- INFORMATION SHOWN
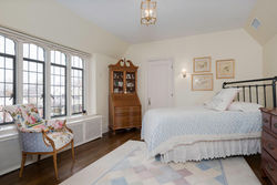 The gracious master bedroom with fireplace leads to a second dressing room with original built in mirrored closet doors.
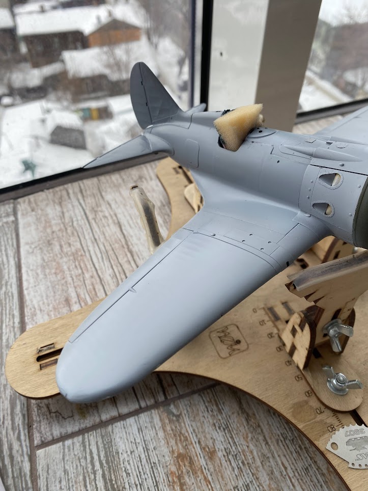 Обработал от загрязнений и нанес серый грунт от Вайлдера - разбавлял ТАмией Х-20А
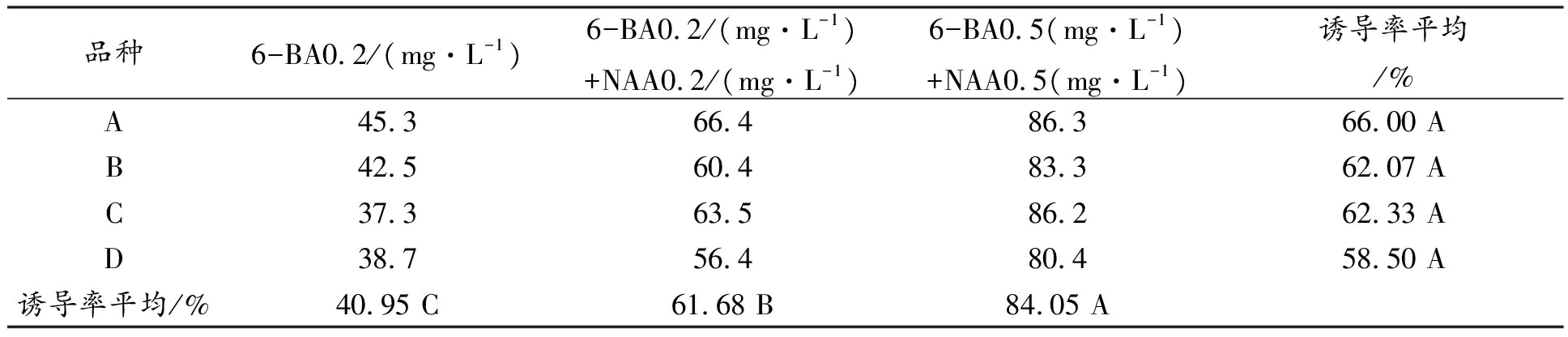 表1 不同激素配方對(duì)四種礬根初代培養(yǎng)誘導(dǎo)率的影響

- WORK REQUIRED
Starting with the line that contains "Обработал от загрязнений", reproduce every line down to the end of the listing above, both endpoints included. Pictures stay out.

- FINISHED TASK
 Обработал от загрязнений и нанес серый грунт от Вайлдера - разбавлял ТАмией Х-20А
 表1 不同激素配方對(duì)四種礬根初代培養(yǎng)誘導(dǎo)率的影響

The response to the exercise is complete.